Referring to the contractual process, he adds the software Palantir uses in its work with the data store is the same as it uses with its other clients.

“It’s not the case that we’ve had privileged access to information and subsequently built something bespoke to sell,” he says.

He emphasises that all NHS data has been “scrubbed” to make it “de-identifiable” prior to being processed by Palantir, at which point it is merely a “statistic”.

The data store’s next challenge

NHSE/I’s two-year contract with Palantir, agreed late last year, suggests that the data store is here to stay.

Currently, the data store is again proving instrumental in helping the delivery of the vaccination programme to pinpoint where supplies of the vaccine and supporting equipment should be prioritised.

Once the pandemic is over, Mr Mosley says he does not know what the NHS’ specific intentions for the data store and Palantir’s data platform are - but he expects both to play a similarly important role in the restoration of elective care services.

The data store’s effectiveness in that programme will depend on what happens with the temporary information-sharing rules put in place during the pandemic, as the continuation of those rules will be hard to justify when covid-19’s significance diminishes.

Mr Mosley merely points to the “de-identifiable” nature of the data processed by Palantir when asked for his view on future data-sharing changes.

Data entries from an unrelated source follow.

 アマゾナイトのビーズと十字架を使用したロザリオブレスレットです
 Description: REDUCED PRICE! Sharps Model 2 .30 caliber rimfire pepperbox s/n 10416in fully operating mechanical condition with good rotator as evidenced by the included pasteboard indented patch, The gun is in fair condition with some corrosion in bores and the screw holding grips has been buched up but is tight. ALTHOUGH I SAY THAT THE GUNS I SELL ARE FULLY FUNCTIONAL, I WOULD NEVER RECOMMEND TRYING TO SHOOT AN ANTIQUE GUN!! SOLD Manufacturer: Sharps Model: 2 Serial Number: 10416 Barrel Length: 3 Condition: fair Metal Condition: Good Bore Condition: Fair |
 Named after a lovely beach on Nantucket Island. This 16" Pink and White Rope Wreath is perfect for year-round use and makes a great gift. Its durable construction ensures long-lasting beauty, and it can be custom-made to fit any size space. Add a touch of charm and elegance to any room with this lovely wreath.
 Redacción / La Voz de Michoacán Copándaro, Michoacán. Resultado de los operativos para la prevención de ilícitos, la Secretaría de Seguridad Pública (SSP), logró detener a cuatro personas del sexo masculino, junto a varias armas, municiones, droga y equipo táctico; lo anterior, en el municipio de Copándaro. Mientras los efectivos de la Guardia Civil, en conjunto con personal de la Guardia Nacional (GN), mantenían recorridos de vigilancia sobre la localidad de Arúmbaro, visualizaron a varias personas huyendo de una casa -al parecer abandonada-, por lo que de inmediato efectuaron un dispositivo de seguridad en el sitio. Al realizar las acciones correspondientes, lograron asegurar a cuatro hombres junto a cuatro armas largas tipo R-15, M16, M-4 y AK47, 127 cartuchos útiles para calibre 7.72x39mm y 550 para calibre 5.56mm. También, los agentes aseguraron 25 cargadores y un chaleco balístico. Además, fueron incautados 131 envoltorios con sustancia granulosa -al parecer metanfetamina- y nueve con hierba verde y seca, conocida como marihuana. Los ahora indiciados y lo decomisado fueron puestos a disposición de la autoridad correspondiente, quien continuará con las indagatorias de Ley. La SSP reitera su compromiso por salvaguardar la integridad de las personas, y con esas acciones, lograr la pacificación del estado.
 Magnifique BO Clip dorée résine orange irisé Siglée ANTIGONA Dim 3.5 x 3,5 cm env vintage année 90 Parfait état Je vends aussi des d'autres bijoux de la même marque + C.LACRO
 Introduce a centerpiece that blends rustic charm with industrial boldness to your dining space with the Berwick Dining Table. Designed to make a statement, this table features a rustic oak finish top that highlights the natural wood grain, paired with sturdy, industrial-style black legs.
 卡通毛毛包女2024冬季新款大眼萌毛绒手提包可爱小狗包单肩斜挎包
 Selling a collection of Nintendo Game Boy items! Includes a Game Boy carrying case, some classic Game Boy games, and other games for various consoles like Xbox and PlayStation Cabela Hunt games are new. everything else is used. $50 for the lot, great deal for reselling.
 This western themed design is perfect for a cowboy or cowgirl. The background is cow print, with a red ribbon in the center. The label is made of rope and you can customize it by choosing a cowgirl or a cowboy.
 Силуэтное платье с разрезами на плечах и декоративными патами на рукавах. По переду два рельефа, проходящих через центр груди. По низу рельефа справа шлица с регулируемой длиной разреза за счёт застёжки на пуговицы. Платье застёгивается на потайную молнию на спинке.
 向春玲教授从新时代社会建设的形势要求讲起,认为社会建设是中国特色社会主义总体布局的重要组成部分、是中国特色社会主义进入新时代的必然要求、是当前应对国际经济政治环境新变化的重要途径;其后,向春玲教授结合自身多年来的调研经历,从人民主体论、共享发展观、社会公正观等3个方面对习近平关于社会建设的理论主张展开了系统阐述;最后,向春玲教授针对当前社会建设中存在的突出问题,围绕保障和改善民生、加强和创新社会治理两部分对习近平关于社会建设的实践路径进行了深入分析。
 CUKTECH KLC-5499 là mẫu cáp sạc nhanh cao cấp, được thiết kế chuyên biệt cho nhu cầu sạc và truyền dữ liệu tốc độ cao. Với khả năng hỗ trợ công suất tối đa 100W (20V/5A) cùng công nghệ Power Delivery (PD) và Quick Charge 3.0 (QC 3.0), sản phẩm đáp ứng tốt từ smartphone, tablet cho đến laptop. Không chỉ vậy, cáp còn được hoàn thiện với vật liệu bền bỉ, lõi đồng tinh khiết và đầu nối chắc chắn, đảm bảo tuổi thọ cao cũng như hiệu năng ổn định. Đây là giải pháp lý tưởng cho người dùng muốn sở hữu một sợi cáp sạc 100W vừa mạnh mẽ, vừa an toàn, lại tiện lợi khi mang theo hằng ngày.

However, he adds that the NHS needs to be ready for a future in which patients rely on wearables and devices at home to be monitored and that all that data must be “synced up” to patient records across primary and secondary care.

Click here to listen the full podcast.

  • Article amended at 12.05pm on 25 February to clarify that Palantir’s role in the data store has been to integrate and analyse the store’s datasets within its own Foundry platform. It only does so for certain types of data within the data store upon authorisation from NHSE/I. The firm cannot access any data in the store without NHSE/I’s approval.